Figure 1.
Proposed pathways for the synthesis of hydroxy-, keto-, methoxy- and epoxymycolic acids in mycobacteria [7], [24].
A common intermediate for various R groups is used as the starting point. Where MmaA2 and CmaA2 are involved in the formation of cis cyclopropane group, CmaA2 and an yet to identified enzyme (indicated by?) catalyze trans-cyclopropanation [48], [67]. The details of the individual R groups are shown in Fig. S1. * indicates that it is not known whether the cyclopropanation step follows or precedes oxygenation. All protons (except for the isolated groups) that have been target for NMR data analysis have been shown in red. The OH group shown in italics and underlined in the box at the left corner of the figure was converted to a methoxy group during saponification of mycolic acids; the process generated mycolic acids methyl esters (MAMEs).
Figure 2.
Comparison of the primary structures of Rv0132c (fHMAD) and three Mer homologs, Fgd1, MkMer and Adf.
A ClustalW comparison was refined manually based on X-ray crystallographic structures of F420-dependent glucose-6-phosphate dehydrogenase (Fgd1) of Mycobacterium tuberculosis, F420-dependent methylenetetrahydromethanopterin reductase from Methanopyrus kandleri (MkMer), and F420-dependent secondary alcohol dehydrogenase (Adf) from Methanoculleus thermophilicus [32], [39], [40], [68]. Residue labels: yellow shade and underlined, determined F420-binding residue; yellow shade, predicted F420-intercating residue; turquoise shade, forming positively charged pocket for binding the phosphate of glucose-6-phopsphate in Fgd1; green shade, residue involved in binding a citrate ion [32].
Figure 3.
Thin layer chromatography (TLC) profiles of methyl esters of mycolic acids extracted from various Mycobacterium smegmatis strains grown in the absence and presence of PA-824.

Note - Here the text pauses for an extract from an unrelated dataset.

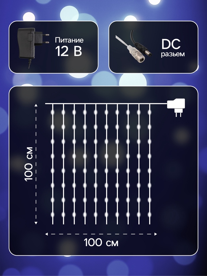 Гирлянда «Занавес» 1×1 м роса, IP20, серебристая нить, 100 LED, свечение белое, 12 В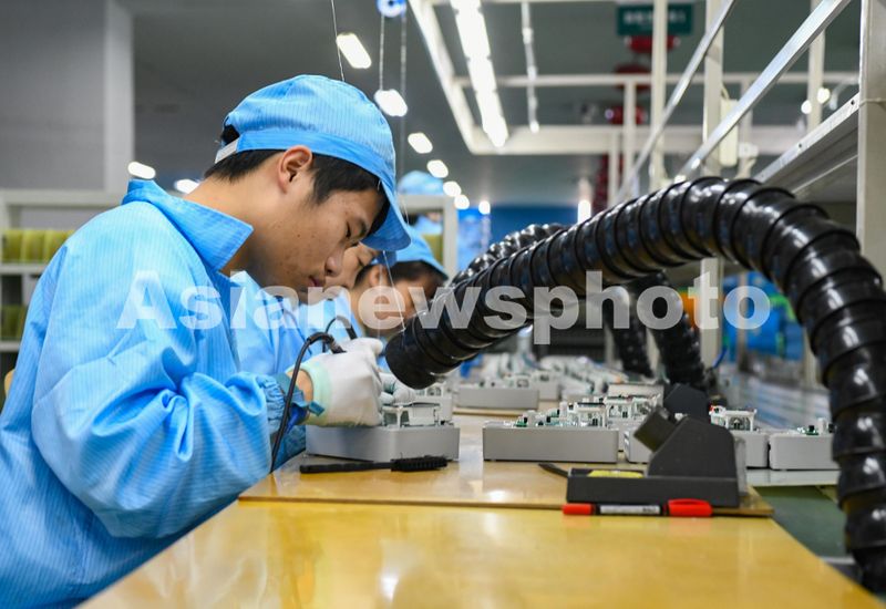 图片说明:2024年5月24日,浙江省金华市浙江八达电子仪表有限公司数字化车间生产线上,工人在赶制电能表订单。

Wild type (wt) and ΔfbiC strains of M. smegmatis carrying the indicated plasmids were analyzed (lane label, name of plasmid): None, no plasmid; pSMT3, pSMT3 (vector control); hma, pEP-hma; rv0132c, pEP-rv0132c; rv0132c/hma, pEP-rv0132c/hma. (+) and (-), cultivation of M. smegmatis (pEP-rv0132c/hma) with and without PA-824 (100 microgram per ml), respectively. Mycolic acid types: α, α′, epoxy (E), hydroxy (H), and keto (K) [Fig. S1 shows the respective chemical structures.]. Panel A: rv0132c causing the conversion of H-MAs to K-MAs in wild-type M. smegmatis; Panel B: Requirement of fbiC for the production of K-MAs in M. smegmatis (pEP-rv0132c/hma) [Note: The left most lane is for wt strain, used as control]. Panel C: Inhibition of the production of K-MAs in M. smegmatis (pEP-rv0132c/hma) by PA-824.
Figure 4.
MALDI-TOF mass spectra of methyl esters of hydroxymyoclic acids (A) and ketomycolic acids (B) recovered from engineered Mycobacterium smegmatis strains.

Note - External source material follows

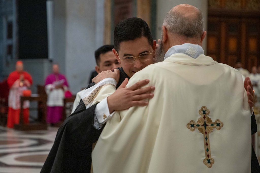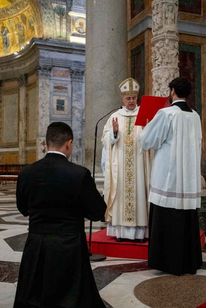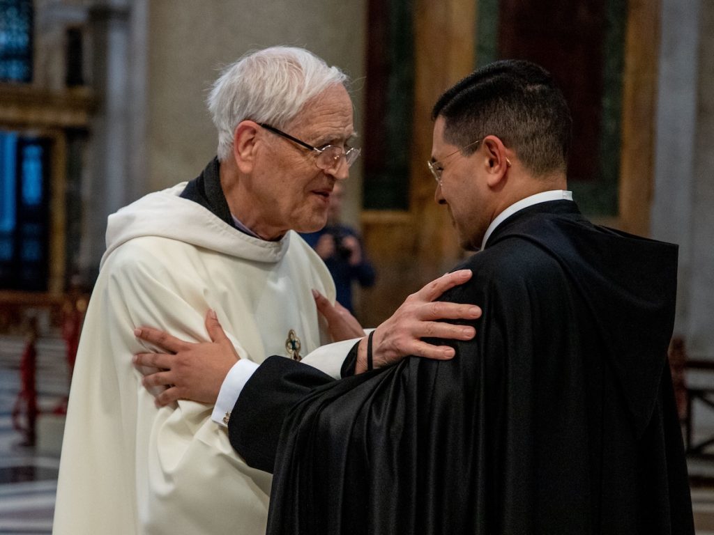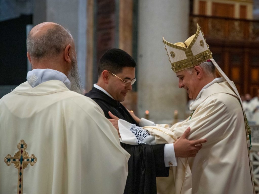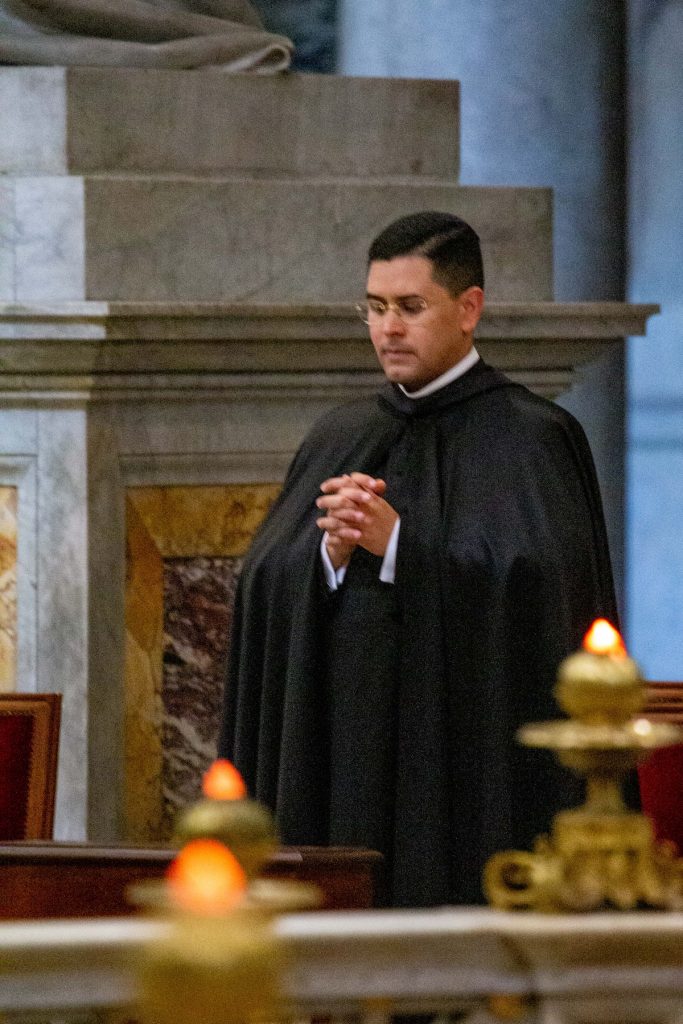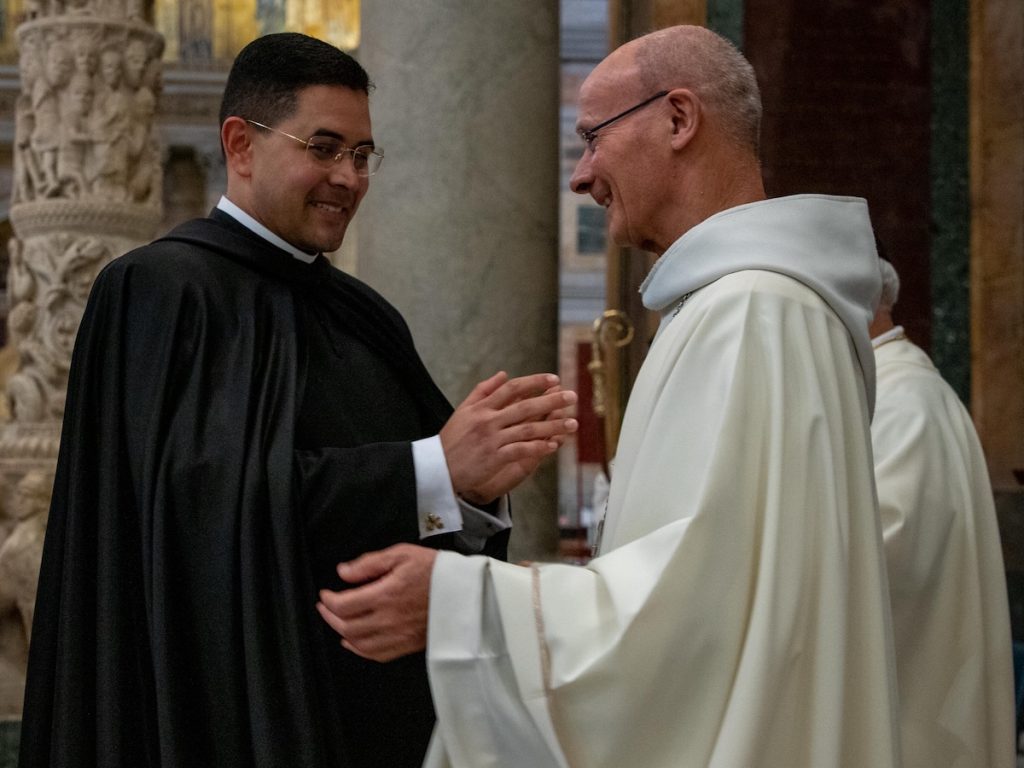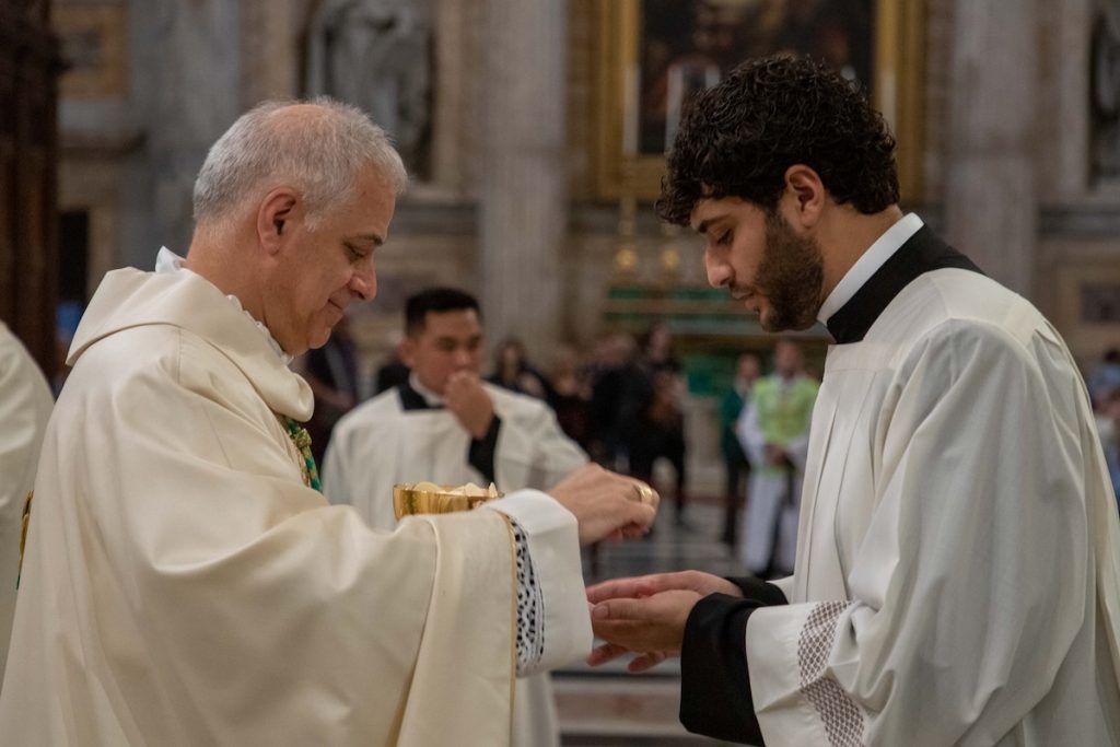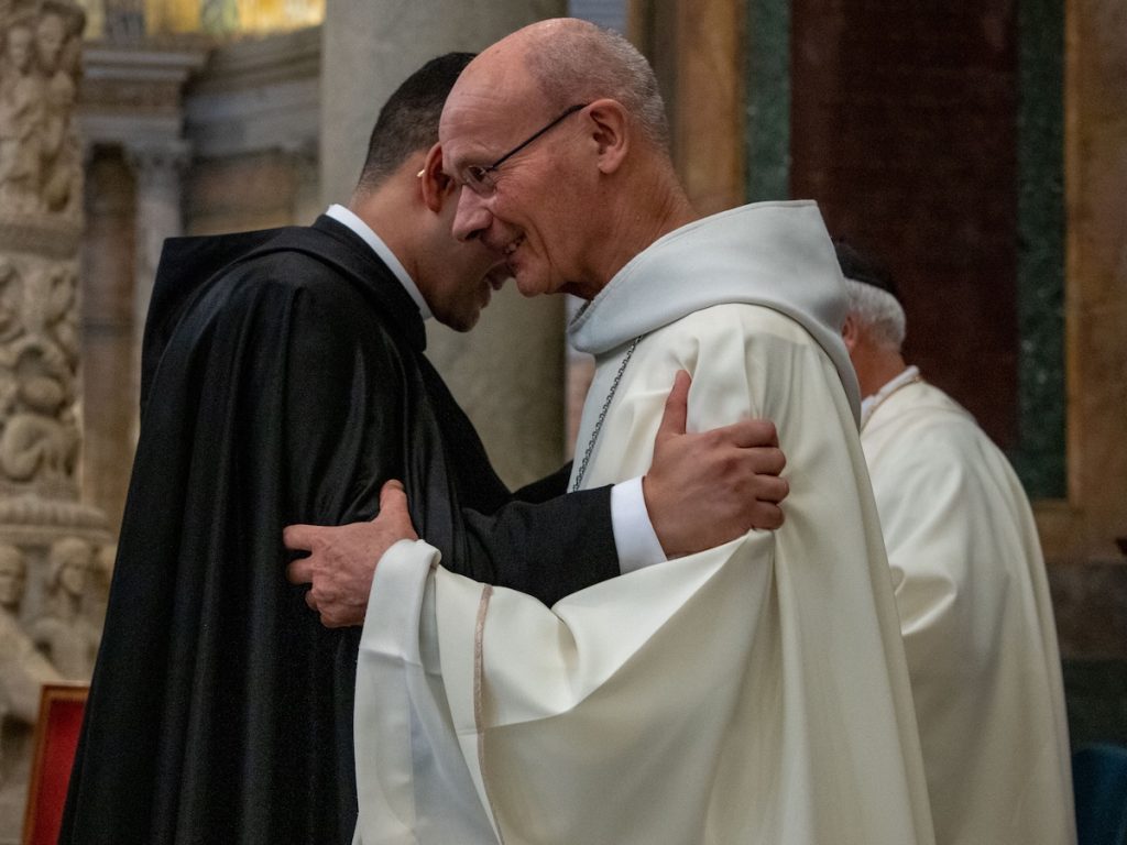 Oggi, con la Professione religiosa, il nostro fratello Vinicius entra a far parte della famiglia monastica benedettina di San Paolo fuori le Mura. Accettando liberamente di seguire il Signore più da vicino e di vivere più strettamente unito a Lui e ai fratelli per il tramite dei tre voti religiosi – che pronuncerà secondo la formulazione tipicamente monastica: stabilità, conversione dei costumi e obbedienza – Vinicius manifesterà pubblicamente il suo desiderio di cercare Dio nella e con la nostra comunità monastica, mettendo in pratica il duplice comandamento dell’amore al Signore e al prossimo, sia all’interno del cerchio fraterno sia al di fuori di esso.

Hydroxymycolic acids were obtained from the lane hma and ketomycolic acids were from lane rv0132c/hma (Fig. 3A). Only a part of each spectrum is shown and the annotations for the ion masses are based on reference [23]: labels H & K, ions from hydroxy- and ketomycolic acids preparations; numbers 77–82: total number of carbon atoms in free acids. The unlabeled peaks belong to unidentified species that were present in both preparations.
Figure 5.
Proton NMR spectra of methyl esters of mycolic acids recovered from engineered Mycobacterium smegmatis strains.
The sources of hydroxymycolic acids or H-MAs (A) and Ketomycolic acids or K-MAs (B) were same as that indicated in the legend of Fig. 4. Epoxymycolic acids or E-MAs (C) were from lane “None” in Fig. 3. In each case the inset shows expansion of the relevant regions.